Perception fractures under pressure. Gaslighting—both interpersonal and internal—turns uncertainty into policy: Blythe teaches herself to unsee, while Fox enforces a version of reality that protects Violet and their image. The marriage buckles under this pressure, transforming conflict into betrayal and secrecy.
Symbols:
- The “V” Necklace: Fox’s devotion to Violet and the family image; for Blythe, a gilded constraint she cannot take off.
- Noah’s Hair: Hard proof of harm; flushing it away enacts Blythe’s self-erasure and complicity.
- The Pickle Jar: A child’s game that looks like wonder; its charm sits next to menace, embodying Violet’s duality.
Key Quotes
“You’re the best mom there is... and I love you.” Cecilia’s inability to receive this love collapses the tea party’s fragile peace. The line exposes the gap between Blythe’s longing for a normal mother and the reality of generational harm.

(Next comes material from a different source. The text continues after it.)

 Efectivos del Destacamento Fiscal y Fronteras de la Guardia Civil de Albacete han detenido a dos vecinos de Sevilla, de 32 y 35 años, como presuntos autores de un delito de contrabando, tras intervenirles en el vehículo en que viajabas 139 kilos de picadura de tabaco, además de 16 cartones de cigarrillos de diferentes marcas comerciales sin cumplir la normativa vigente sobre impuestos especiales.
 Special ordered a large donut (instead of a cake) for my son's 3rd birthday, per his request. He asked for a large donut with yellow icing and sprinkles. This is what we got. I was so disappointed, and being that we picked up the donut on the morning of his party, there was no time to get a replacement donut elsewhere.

“I went, didn’t I? To the fucking tea? ... What more do you want from me?” Cecilia reframes bare-minimum presence as sacrifice, revealing her resentment and incapacity for care. It’s a formative script Blythe later fears she’s repeating.
“Do you?” Fox’s pointed question about whether Blythe loves Violet weaponizes doubt. It marks a turn from disagreement to betrayal, isolating Blythe inside her own marriage.

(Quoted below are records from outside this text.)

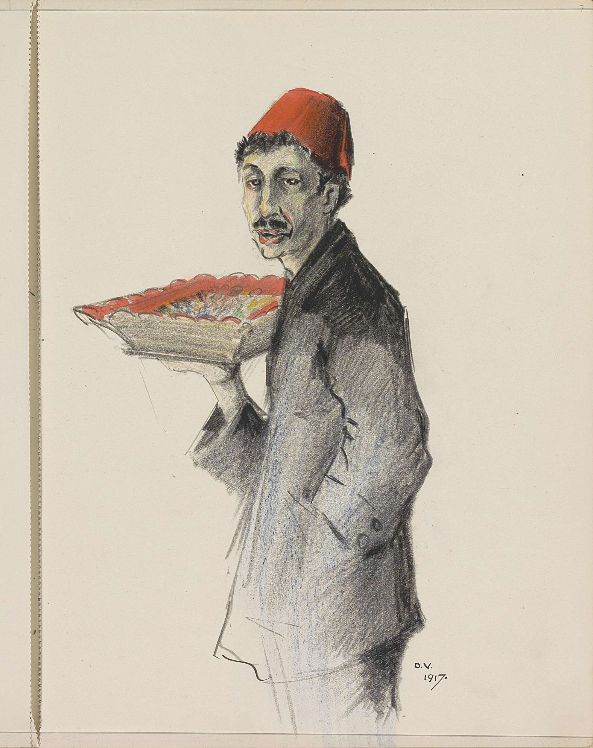 Man met een fez en een dienblad in de hand
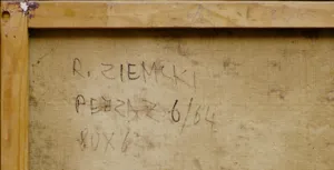 Na odwrocie na płótnie napis autorski: R. ZIEMSKI | PEJZAŻ 6/64 | 80 x 65.; Na krośnie napisy: 6/64, 82 x 65.
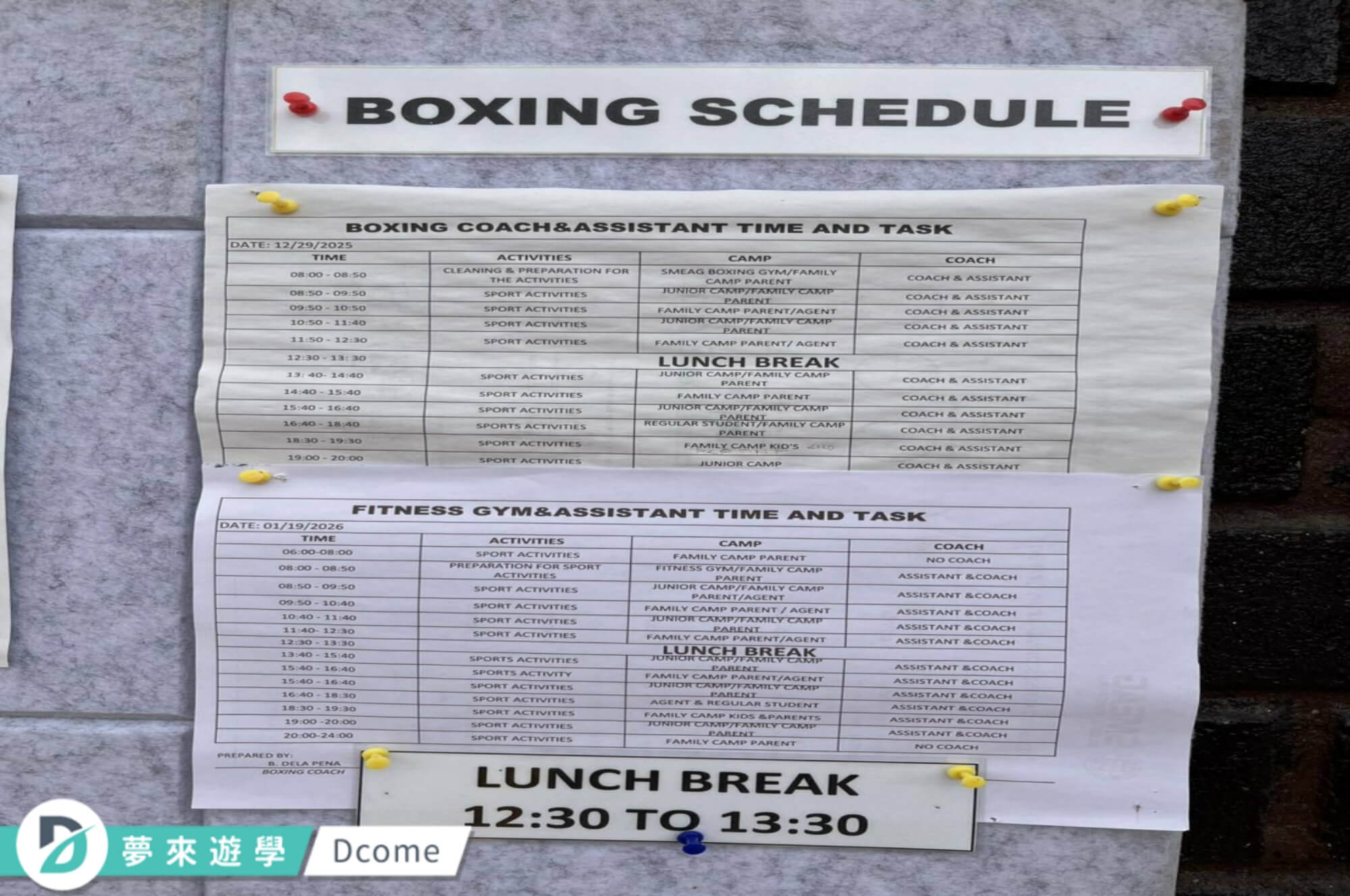 活動課1堂:游泳、足球、高爾夫球、拳擊、園藝

“That did not happen.” Blythe’s mantra manufactures safety by denying perception. It’s the hinge between possible truth and chosen narrative in the wake of Elijah’s death.
“Mothers aren’t supposed to have children who suffer... We are not supposed to make bad people.” Blythe articulates the social contract of motherhood and the shame attached to breaking it. The line captures the crushing weight of blame she places on herself.
“There was a moment outside that door when I wanted Violet to be the one who was pushed off the top of the slide.” This taboo confession reveals how terror can curdle maternal love. Its horror forces Blythe back into denial, the only place she can still function.
Why This Matters and Section Significance
These chapters pivot the novel from uneasy suspicion to catastrophic consequence. A child’s death drags Blythe’s private fear into public stakes, while her lie to the police binds her to a version of events she barely believes. The marriage’s fault lines become a canyon: Fox’s denial and Blythe’s silence feed each other, ensuring isolation.
By pairing the childhood flashback with Violet’s escalation, the narrative cements the cycle of trauma and the limits of nurture. Blythe’s choice to unsee—backed by Fox’s insistence—sets the course for further unraveling, making these chapters the story’s crucial turning point.